Su tío se tumbó boca arriba, con los brazos y las piernas abiertas, como el Hombre de Vitruvio y exclamó:

-¡Qué bien me he quedado!

Elsa se puso en cuclillas a su lado y, levantándole el pene con dos dedos por el extremo del prepucio, dijo con sorna:

-Pues esto no está muy bien. Mira qué cosita, Laia.

Yo sabía que Elsa podía desfasar y le gustaba el coqueteo pero aquello empezaba a parecerme excesivo.

-¡Oh, está creciendo! –prorrumpió. Elsa había agarrado el cuerpo del pene de su tío y el glande brotaba hinchado entre su índice y pulgar, que lo abrazaban por su base. Desde donde estaba él, además, debía ver la vulva de Elsa sobresalir entre sus piernas dobladas, abierta como una flor-. Ven, cógelo –me decía-, ¡está cada vez más grande!

Efectivamente, la verga de Guille lucía ya en todo su esplendor en la mano pequeñita de su sobrina, que seguía estirando el prepucio hacia abajo.

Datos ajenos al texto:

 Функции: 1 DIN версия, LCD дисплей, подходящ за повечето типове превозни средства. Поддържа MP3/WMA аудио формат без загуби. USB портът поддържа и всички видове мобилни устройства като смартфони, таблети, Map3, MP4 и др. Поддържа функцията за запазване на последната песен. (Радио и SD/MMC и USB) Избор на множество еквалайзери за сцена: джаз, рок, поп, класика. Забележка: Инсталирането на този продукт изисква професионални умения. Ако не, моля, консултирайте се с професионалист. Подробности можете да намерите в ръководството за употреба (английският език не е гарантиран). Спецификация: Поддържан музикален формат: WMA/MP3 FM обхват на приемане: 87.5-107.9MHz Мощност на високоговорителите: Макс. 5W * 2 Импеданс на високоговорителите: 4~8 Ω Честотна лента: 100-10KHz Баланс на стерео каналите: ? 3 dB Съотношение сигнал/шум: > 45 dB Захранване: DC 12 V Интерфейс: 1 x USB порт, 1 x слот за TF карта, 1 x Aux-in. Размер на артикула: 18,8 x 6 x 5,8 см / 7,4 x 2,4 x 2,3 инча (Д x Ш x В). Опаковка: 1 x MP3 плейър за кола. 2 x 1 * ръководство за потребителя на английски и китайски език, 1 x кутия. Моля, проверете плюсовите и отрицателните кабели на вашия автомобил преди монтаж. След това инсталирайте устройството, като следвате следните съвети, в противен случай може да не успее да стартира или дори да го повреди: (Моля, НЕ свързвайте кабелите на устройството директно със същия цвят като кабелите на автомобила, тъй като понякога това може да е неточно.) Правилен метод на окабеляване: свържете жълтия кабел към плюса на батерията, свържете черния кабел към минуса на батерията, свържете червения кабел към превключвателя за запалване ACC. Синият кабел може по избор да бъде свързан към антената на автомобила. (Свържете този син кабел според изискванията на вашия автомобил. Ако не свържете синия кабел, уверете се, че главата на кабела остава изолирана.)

Pero yo ya tenía suficiente. Me bajé los tirantes del vestido, que cayó dócil al suelo, y me dirigí hacia la orilla. Me giré y vi cómo Guille me miraba el culo. Elsa ya no sujetaba su pene pero observaba intrigada cómo esa especie de animalillo con vida propia estaba empezando a cabecear, suplicando el alivio. “¡Laia!” oí pero hice caso omiso. Me metí en el agua que, era cierto, no estaba muy fría y me adentré en el mar. Al cabo de unos minutos ya me había adaptado a la temperatura y bracear con parsimonia sin un hilo de ropa en aquellas aguas negras, tranquilas, era realmente deleitoso.

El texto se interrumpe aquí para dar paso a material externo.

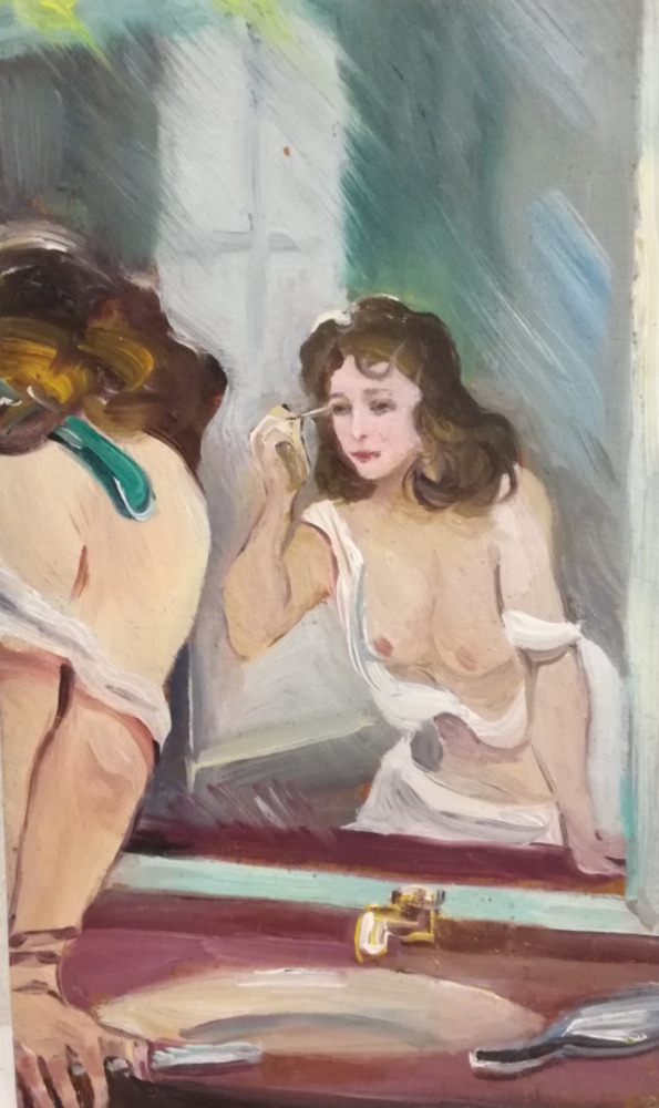 ANONIMO Olio su tavola "Nudo allo specchio" - cm 20 x 12.5

Cuando, después de un buen rato, nadé hacia la orilla vi que Elsa me estaba esperando con una toalla en las manos. Ella también llevaba una enrollada al cuerpo. Al salir me envolvió y me frotó como yo le había hecho antes.

-¿Y estas toallas? –interrogué.

-Son de Guille, las llevaba en una maleta.

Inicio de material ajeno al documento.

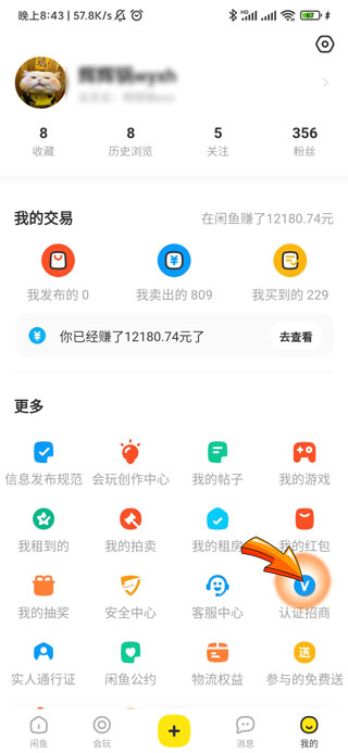 闲鱼玩家需要在闲鱼认证招商中进行认证,首先需要打开闲鱼APP,点击右下角的“我的”图标,进入我的页面后,点击更多中的“认证招商”图标,最后点击闲鱼玩家认证右侧的“申请认证”选项即可。

Me sequé bien y me puse el vestido. Elsa me cogió de la mano, me dio un piquito y me dijo que fuéramos al coche.

-¿Le has hecho una paja? –no pude evitar preguntarle.

-¡Nooo, si es mi tío! –contestó indignada.

Al llegar, Elsa recogió el tanga y el top, que había dejado en el capó, sobre el motor encendido, para que se secaran. Pero seguían muy mojados, por lo que se puso el tejano directamente y se dejó la toalla enrollada como si fuera una blusa palabra de honor. Nos calzamos y nos metimos en el auto. Guille estaba durmiendo sentado al volante. Elsa le dio un beso en la mejilla para despertarlo y él abrió los ojos. Respiró hondo, giró la llave de contacto y quitó el freno de mano.

-¿Llegaremos enteras? –preguntó Elsa.

-Ya estoy bien –aseguró Guille, arrancando. Y volvimos a la casa.